[Exercise description] Whenever a picture appears in the data, skip it and write out all other material exactly.
[Opening Raw data section]
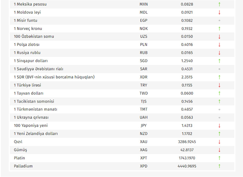Rəsmi məzənnələr açıqlandı
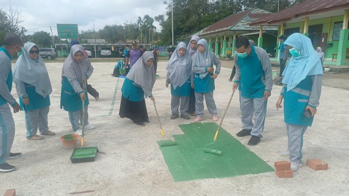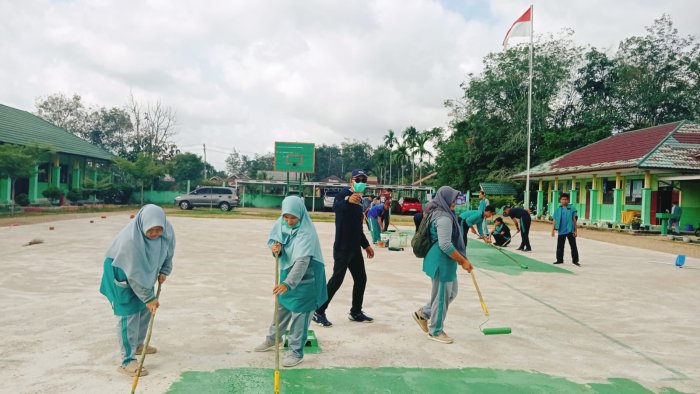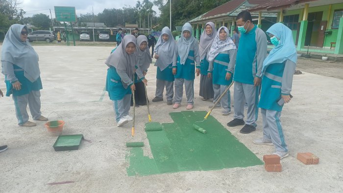 Batang Hari, 13 Februari 2026 - Suasana kebersamaan terlihat jelas di MAN 1 Batang Hari pada Jumat pagi. Seluruh warga madrasah, mulai dari kepala madrasah, Kaur Tata Usaha, staf TU, majelis guru, hingga beberapa pengurus OSIM, terlibat aktif dalam kegiatan gotong royong memperindah lapangan olahraga. Kegiatan ini difokuskan pada pengecatan lapangan dan garis lapangan serta pembersihan area sekitar.
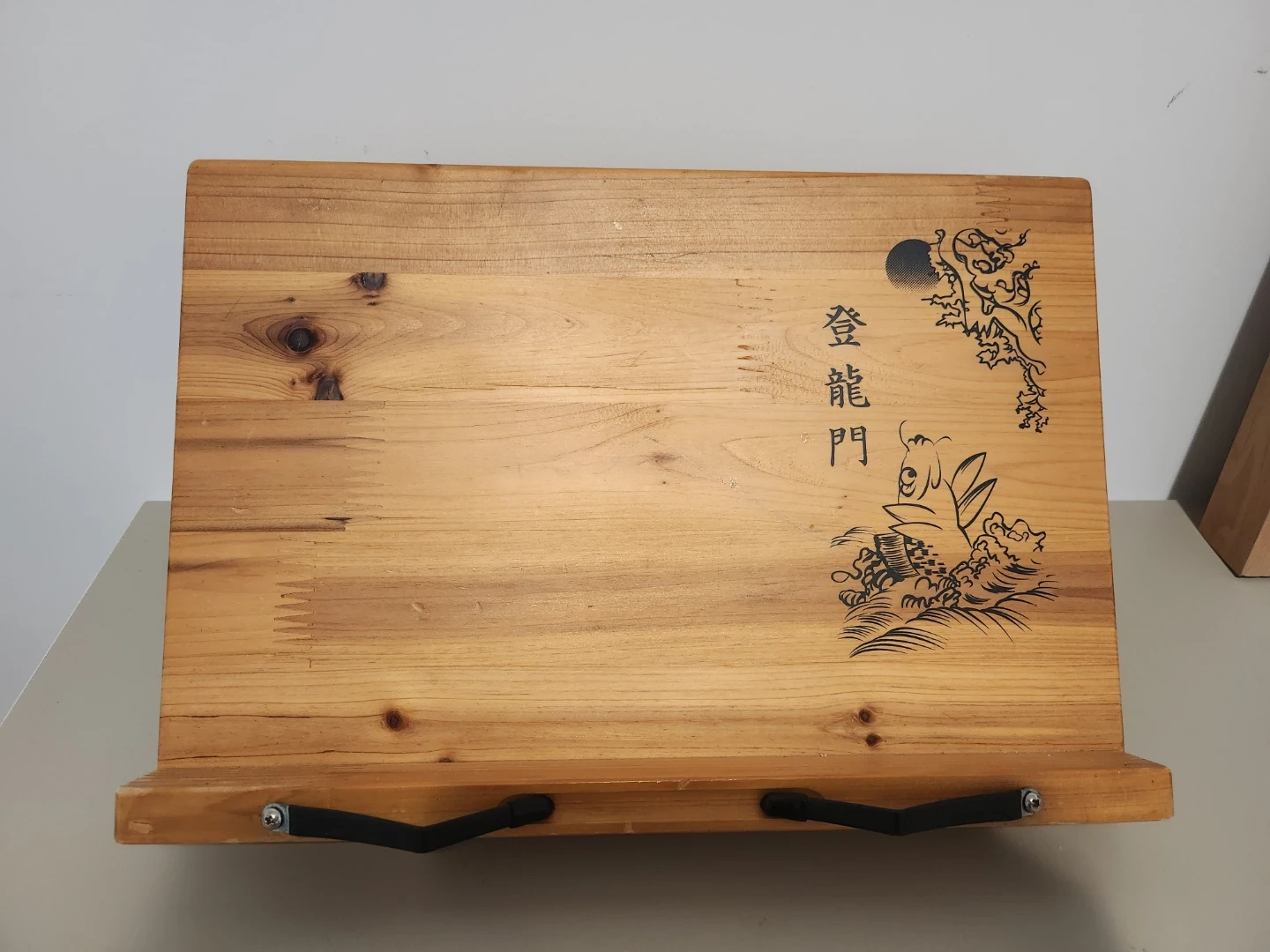 This wooden book stand features a unique dragon design with Chinese characters. It has an adjustable stand on the back for stability. Perfect for holding cookbooks or other reading materials while you work or study.
[Closing Raw data section]
[Output for this task]
Rəsmi məzənnələr açıqlandı
 Batang Hari, 13 Februari 2026 - Suasana kebersamaan terlihat jelas di MAN 1 Batang Hari pada Jumat pagi. Seluruh warga madrasah, mulai dari kepala madrasah, Kaur Tata Usaha, staf TU, majelis guru, hingga beberapa pengurus OSIM, terlibat aktif dalam kegiatan gotong royong memperindah lapangan olahraga. Kegiatan ini difokuskan pada pengecatan lapangan dan garis lapangan serta pembersihan area sekitar.
 This wooden book stand features a unique dragon design with Chinese characters. It has an adjustable stand on the back for stability. Perfect for holding cookbooks or other reading materials while you work or study.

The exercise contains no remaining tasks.